___ INFORMATION SHOWN ___

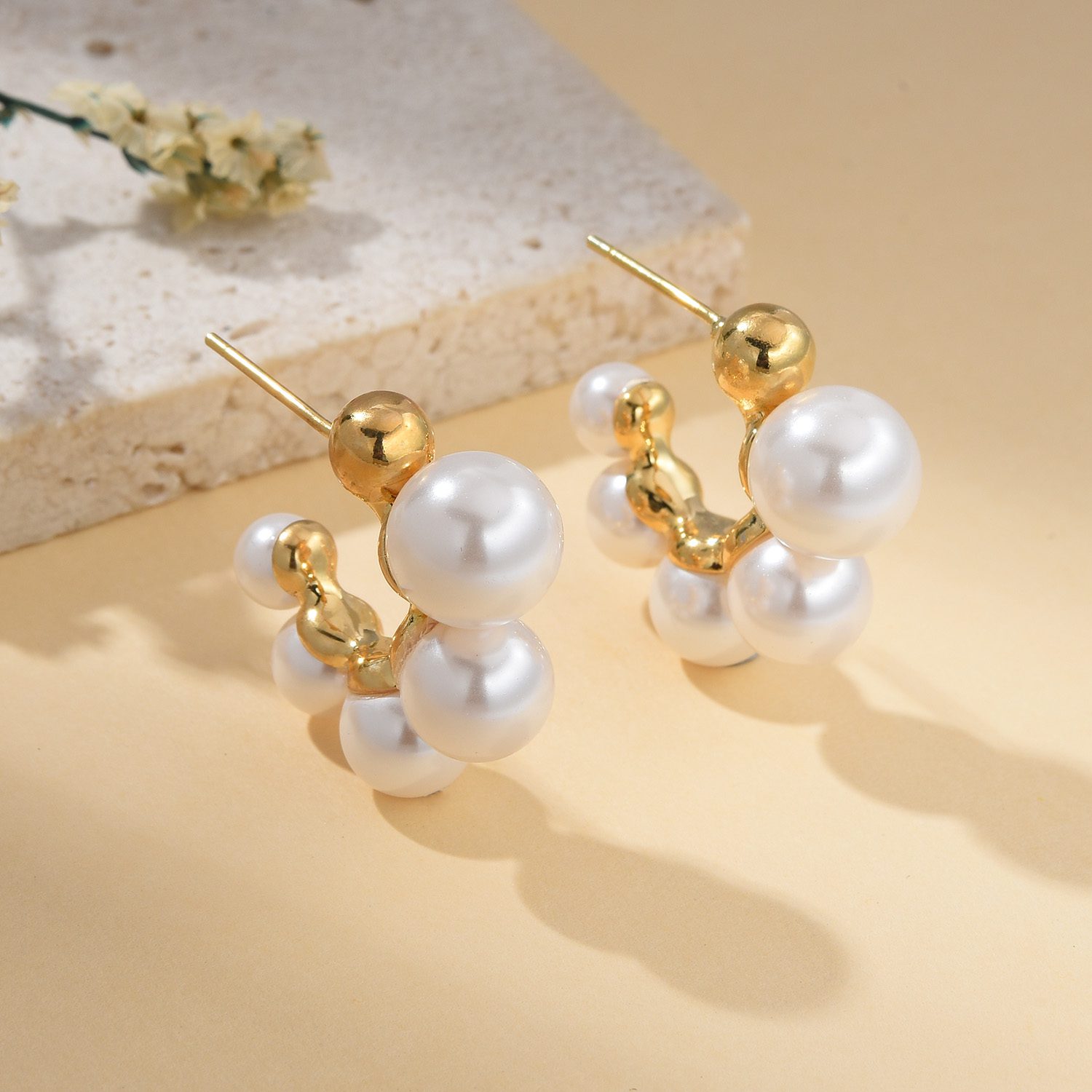 Material: 925 Sterling silver post, Gold plated brass, Pearl
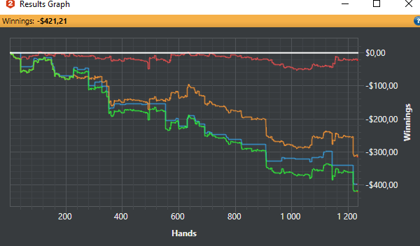 Решение продолжить грузить кэш-столы- было БОЛЬШОЙ ошибкой. Отыграв 600 рук я успел подарить 100$ в простейших спотах и закрыл столы.
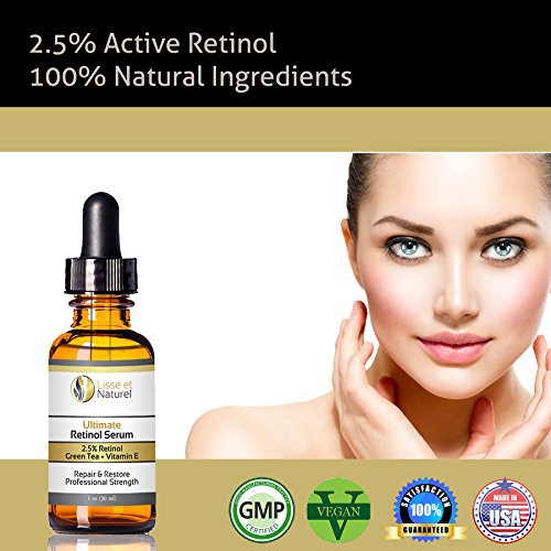 Professional strength retinol serum clinical strength 2.5% retinol eye face neck and body serum in hyaluronic acid with antioxidants, vitamin a, vitamin e, organic jojoba oil & wild green tea. used by dermatologists professional treatment for dark spots, under eye circles, wrinkles, fine lines and stretch marks. best serum to stimulate collagen and elastin formulated to stimulate collagen, elastin, promote youthful skin tone, texture, color and reduce the appearance of fine lines and wrinkles. use it at home to treat uneven skin pigmentation, dark spots, dark circles under eyes, fine lines and stretch marks. use it on your face, neck, chest or any other area puristica dark spot correcting serum is safe to use on your face, neck, decollete and works great as a dark circle eye treatment. it's 72% organic base of all natural moisturizers is power packed with vitamins that stimulate collagen leaving your skin fresh, bright and healthy. only freshest and best ingredients this unique product is a small batch formulation from our state-of-the-art FDA registered lab. it's all-vegan 72% organic non-GMO and does not contain alcohol, parabens, sulfates, mineral oils or any cheap "filler" ingredients. not tested on animals.Feature
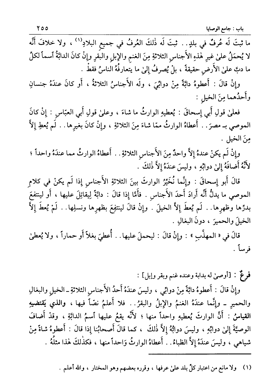 ما ثبت له عرف في بلد. ثبت له ذلك العرف في جميع البلاد، ولا خلاف أنه لا يحمل على غير هذه الأجناس الثلاثة من الغنم والإبل والبقر وإن كان الدابة اسما لكل ما دب على الأرض حقيقة، بل يصرف إلى ما يتعارفه الناس فقط.

___

_TASK ITEM:_
Repeat the listing verbatim. Skip the pictures.

_SOLUTION TO THE EXERCISE:_
 Material: 925 Sterling silver post, Gold plated brass, Pearl
 Решение продолжить грузить кэш-столы- было БОЛЬШОЙ ошибкой. Отыграв 600 рук я успел подарить 100$ в простейших спотах и закрыл столы.
 Professional strength retinol serum clinical strength 2.5% retinol eye face neck and body serum in hyaluronic acid with antioxidants, vitamin a, vitamin e, organic jojoba oil & wild green tea. used by dermatologists professional treatment for dark spots, under eye circles, wrinkles, fine lines and stretch marks. best serum to stimulate collagen and elastin formulated to stimulate collagen, elastin, promote youthful skin tone, texture, color and reduce the appearance of fine lines and wrinkles. use it at home to treat uneven skin pigmentation, dark spots, dark circles under eyes, fine lines and stretch marks. use it on your face, neck, chest or any other area puristica dark spot correcting serum is safe to use on your face, neck, decollete and works great as a dark circle eye treatment. it's 72% organic base of all natural moisturizers is power packed with vitamins that stimulate collagen leaving your skin fresh, bright and healthy. only freshest and best ingredients this unique product is a small batch formulation from our state-of-the-art FDA registered lab. it's all-vegan 72% organic non-GMO and does not contain alcohol, parabens, sulfates, mineral oils or any cheap "filler" ingredients. not tested on animals.Feature
 ما ثبت له عرف في بلد. ثبت له ذلك العرف في جميع البلاد، ولا خلاف أنه لا يحمل على غير هذه الأجناس الثلاثة من الغنم والإبل والبقر وإن كان الدابة اسما لكل ما دب على الأرض حقيقة، بل يصرف إلى ما يتعارفه الناس فقط.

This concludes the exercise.